Primo Levi’s memoir The Reawakening begins where his Survival in Auschwitz ended. It’s the last days of the WWII, and Levi is trying to stay alive in what passes for a hospital or sick bay in concentration camp.
Levi, who committed suicide in 1987, was an Italian Jewish writer and a chemist. He was arrested in as a part of the Italian resistance in 1943, and to escape being shot as a partisan, he confessed to being Jewish, and after a short interment in Italy, was taken to Auschwitz, where he lived for eleven months. He managed to evade the gas chamber, because as a chemist, his skills were useful in a laboratory to make rubber.
In my goodreads review for Survival in Auschwitz (that U.S. title is all wrong, but more on that later) I wrote that “To me the most powerful chapter was the last one, where Levi chronicles the very last days before the Red Army liberated the camp. He spent those days at the camp hospital with the dead and the dying. After the Germans have left, the camp becomes a barren, smoking wasteland where the last remaining survivors scavenge for food and water trough frozen soil and snow and shit. It’s horrifying, apocalyptic.”

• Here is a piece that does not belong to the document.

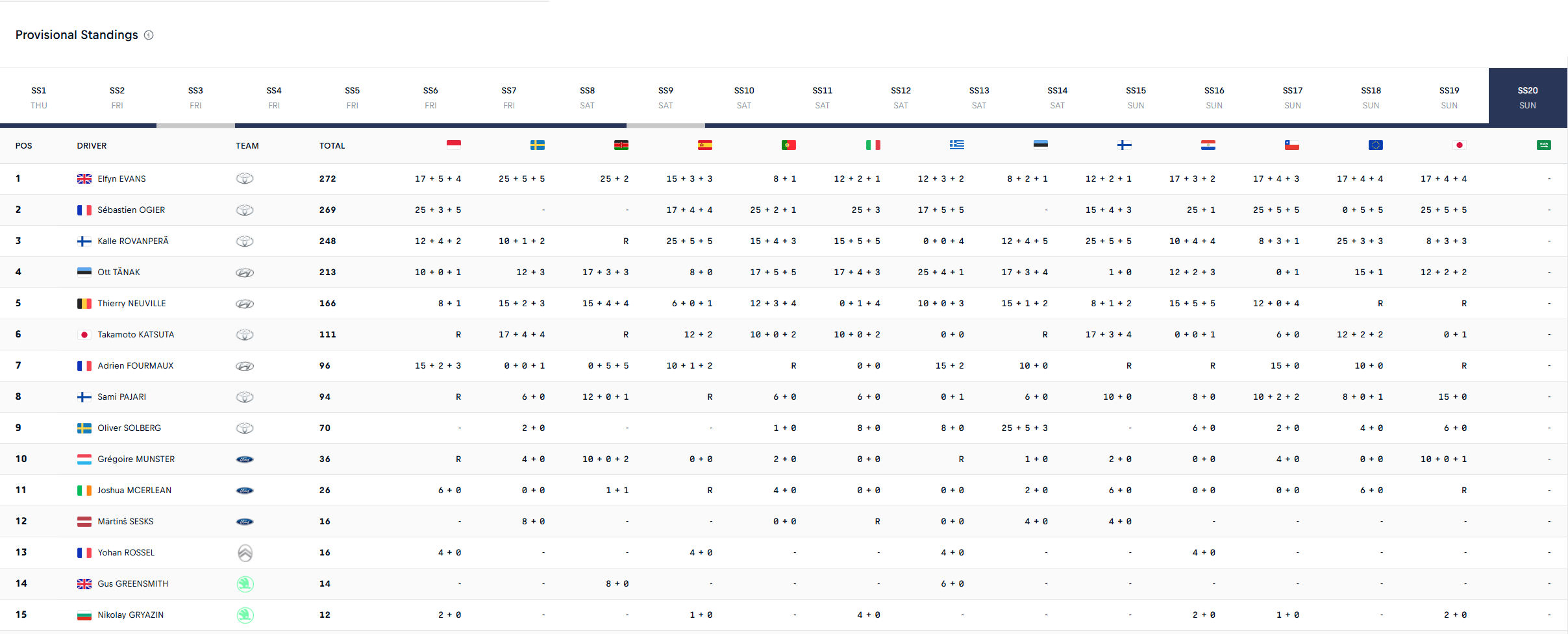 Ο Kalle Rovanpera, που βρέθηκε πολύ πιο πίσω στη γενική κατάταξη στα αρχικά στάδια του αγώνα, παραμένει μαθηματικά στη μάχη για τον τίτλο, αλλά ρεαλιστικά χρειάζεται τόσο ο Evans όσο και ο Ogier να αντιμετωπίσουν σοβαρές δυσκολίες στο φινάλε της σεζόν στη Σαουδική Αραβία για να έχει οποιαδήποτε ελπίδα να γίνει Πρωταθλητής.

In The Reawakening, Russian soldiers approach the camp on horseback, come to liberate those who still somehow live there. But that does not mean that Levi’s troubles are over, not by a long shot. He’s still sick, and he still has a long way to go before getting back home to Italy. The homecoming takes him and his fellow Italian survivors to places like a small village in Ukraine. The tone of the book is naturally lighter than that of the camp memoir, but Levi’s overall pessimism prevails.
Which brings me to the issue of the U.S. titles. Their both quite misleading. The bulk of the text in so called Survival in Auschwitz actually deals with how difficult, or nearly impossible it is to survive in a concentration camp as the same person you were before. The title If This Is a Man is much better. Likewise, The Reawakening is much better titled as The Truce, because Levi describes in some length and detail the discussions he has with a friend about the belief that the war is human kind’s natural state of being, and that peace is just a short respite before war continues. And the war is always the same, just a continuation from the last one.
As a title The Truce also paves way to the gut-wrenching last page of the book, which makes it clear that how difficult it is to ever fully survive a trauma as deep and incomprehensible as Auschwitz. So why did these books have to be published under these falsely optimistic titles in the U.S? It’s a mystery.
This is apparently my “compulsively editing Cannonball Read reviews” Sunday, but I have to add something. If you follow the Amazon link provided here, you can read Levi’s own Afterword to the U.S. edition. It’s very interesting, and actually somewhat disproves or at least contradicts my interpretation of these books as fundamentally pessimistic.